Day 14 – When God Seems Distant

Photo by Priscilla Du Preez on Unsplash

If, when evil cometh upon us, as the sword, judgment, or pestilence, or famine, we stand before this house, and in thy presence … and cry unto thee in our affliction, then thou wilt hear and help. … Hearken ye … Thus saith the Lord unto you, be not afraid nor dismayed … for the battle is not yours, but God’s.
~ 2 Chronicles 20:3-19 ~

The pavilion that seems to intercept divine aid does not cover God but occasionally covers us. God is never hidden, yet sometimes we are, covered by a pavilion of motivations that draw us away from God and make Him seem distant and inaccessible. Our own desires, rather than a feeling of “Thy will be done,” create the feeling of a pavilion blocking God.

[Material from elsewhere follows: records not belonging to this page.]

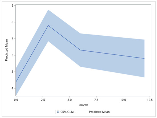 Expected growth curve plotted as a function of months. Note. The predicted means (and 95% Confidence Limits for the Mean) were: T0 = 4.41 (3.57, 5.24), T1 = 7.80 (6.85, 8.76), T2 = 6.31 (5.31, 7.32), and T3 = 5.80 (4.66, 6.94).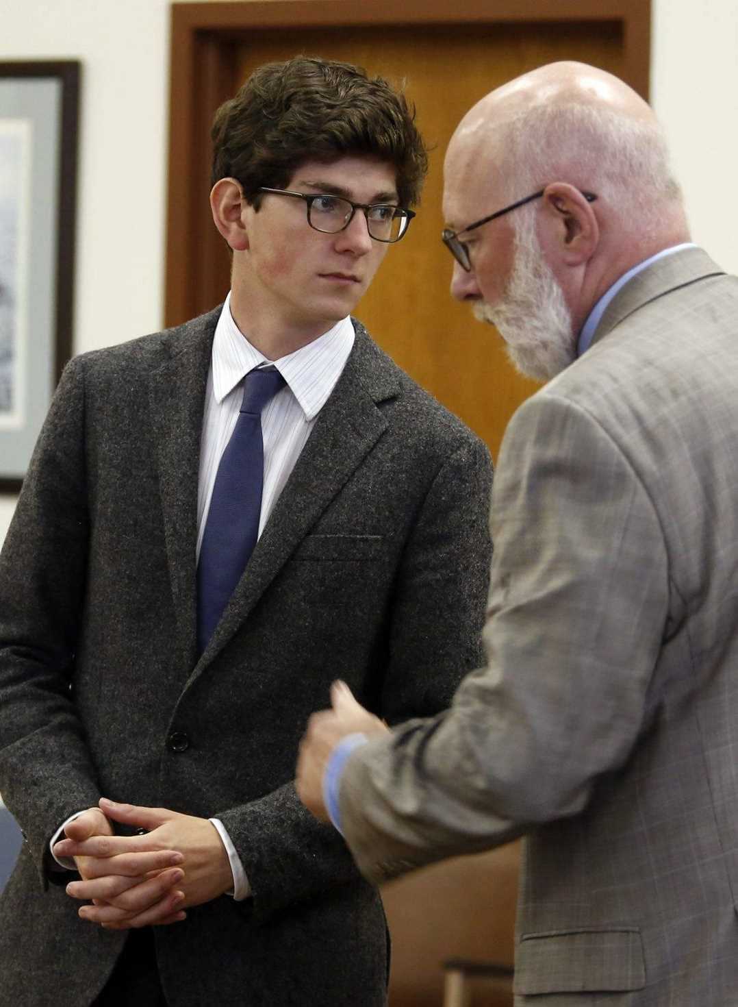 | Former St. Paul’s School student Owen Labrie listens to his lawyer, J.W. Carney, during his trial in Merrimack County Superior Court Tuesday. Labrie is charged with raping a 15-year-old freshman as part of the “Senior Salute,” a practice of sexual conquest at the prestigious St. Paul’s School in Concord. |
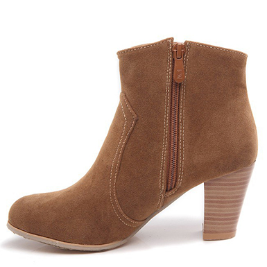 You are going to have the look of fall when you have a bootie like this that you can slip your foot into. The suede leather construction of the boots means that you are going to have a soft and warm appearance that is perfect for the changing weather. The full zipper on the inside of the boot makes it simple for you to slip your foot inside and be on your way. Seams in the bridge of the foot as well as a patch on the outside means that you are going to get the style you are looking for without all the additional colors. The rounded toe box makes sure that your feet will remain comfortable at all times. Flat soles include a nice arch and a chunky high heel made with stacked wood to offer you a stylish look that will complete your look.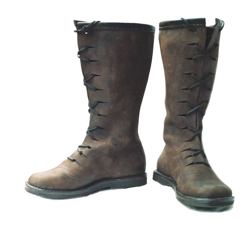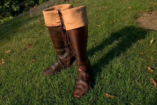 Сапоги до бедра из прочной кожи обеспечивали дополнительную защиту ног.Верх голенища обычно привязывался к поясу. Парадные сапоги часто шили прямо на ногу владельца, чтобы они сидели как влитые.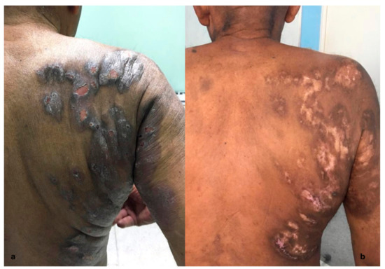 Clinical presentation of ALK- pcALCL with extensive ulcerated plaques located on the trunk and upper arms (a). Resolution of skin lesions, with central scarring and depigmentation after treatment (b).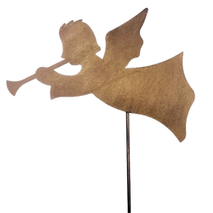 Aniołek Gabriel z trąbką na pręcie - duży efekt złotej rdzy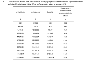 Anexo 8 «Tarifas aplicables a pagos provisionales, retenciones y cálculo del ISR» RMF 2026, se han actualizado con inflación acumuladas de 13.21% DOF 28/12/2025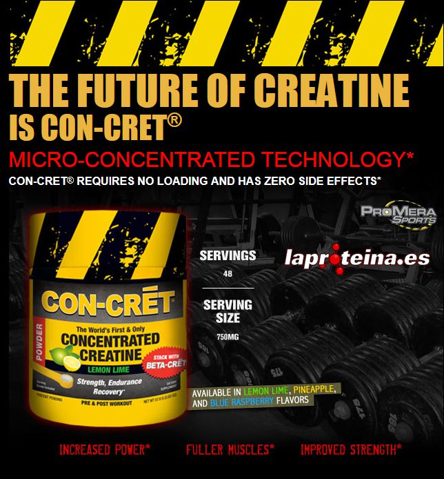 Concentrated Creatine de Con-Cret de la marca ProMera Sports es “creatina concentrada”, que según los diversos estudios realizados resulta ser 59 veces más potente que la creatina estándar.

God is not unable to see us or communicate with us, but we may be unwilling to listen or submit to His will and His time.
~ Henry B. Eyring – Where is Thy Pavillion – General Conference October 2012 ~

The second chapter of Exodus ends with this teaching: And God heard their groaning, and God remembered his covenant with Abraham, with Isaac, and with Jacob. The Children of Israel were living in bondage to Egypt, serving with rigour and their lives bitter with hard bondage (Exodus 1:13-14). Today, all of us experience a life where we taste bitterness and experience some form of hard bondage. And we ask ourselves – where is God?

How do we go forward with faith and purpose if one feels that God is distant? That our Heavenly Father is not hearing us no matter how we engage in worship? Despite keeping the commandments, praying regularly, studying the scriptures, there seems to be no answer from Him. It always seems that God may be withholding any wisdom, counsel, or guidance from us. After all, if our Heavenly Father truly desires an intimate relationship with us, that he truly cares and loves us – does he not want to help us?

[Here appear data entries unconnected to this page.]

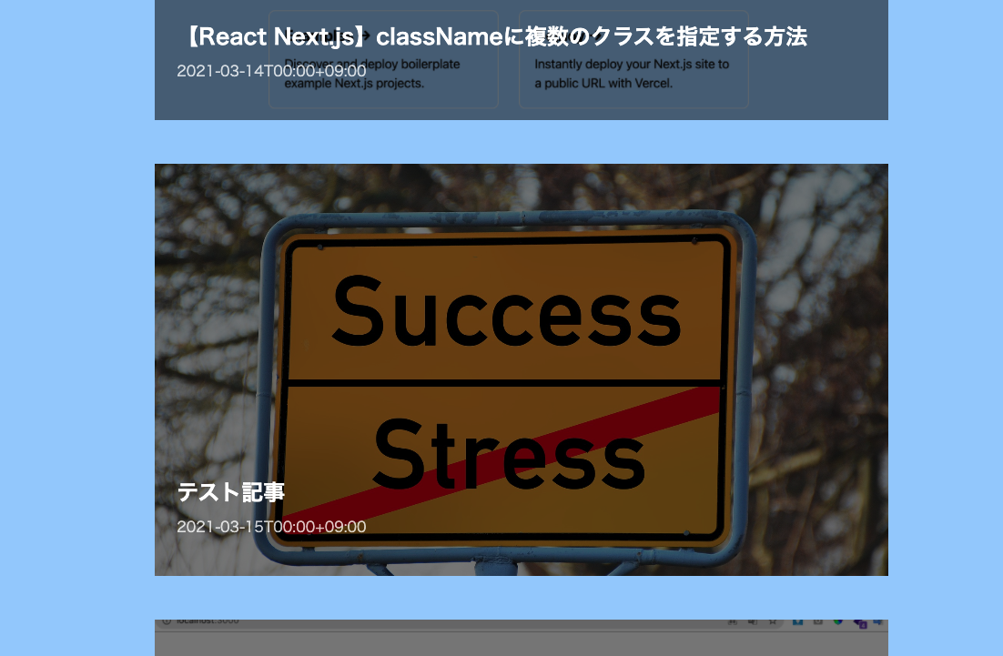 Next.js+Contentfulで記事一覧ページが作成できました。みてくれは微妙ですが…。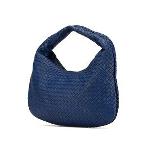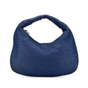 BOTTEGA VENETA Blue Leather Intrecciato Shoulder Bag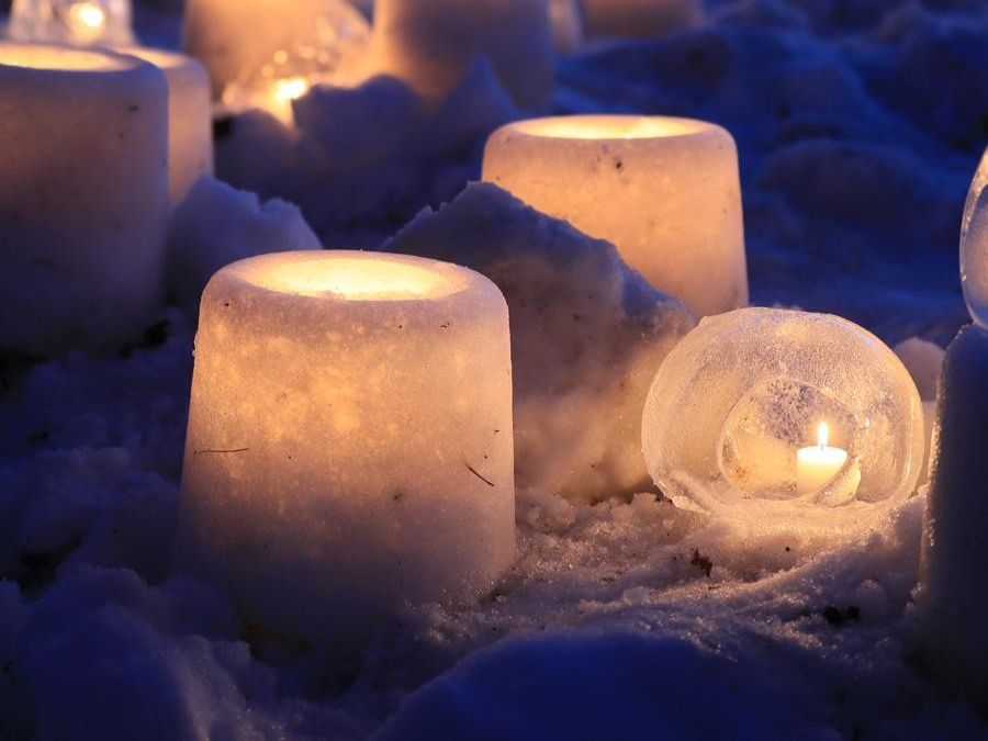 雪景色の中、雪で作られた灯ろうや間伐材を活用した木製ランプシェードにキャンドルのやさしい灯りがともり、あたり一面が神秘的な光に包まれます。

We do not stop to consider that it is not God who is in hiding – it may be the very fact that we are hiding ourselves from God. And this may be something we inadvertently do. Other times it is because we have not humbled ourselves and sought forgiveness through repentance. Maybe there is some doubt within our hearts and minds where we question whether or not our Heavenly Father is close.

The scriptures constantly teach us that we are to do two things. They also teach us two fundamental truths. First, we are to seek him continually. Despite what is going on, no matter the situation, the fears, the worries, the doubts, and the anxieties, we are to seek him. Second, we are to wait patiently. Listen attentively, tune in, and continue to walk in those truths and commandments we are to keep. And the first truth is that our answers come in the Lord’s due time and not ours. The second fundamental truth is that this is where our faith in God rests.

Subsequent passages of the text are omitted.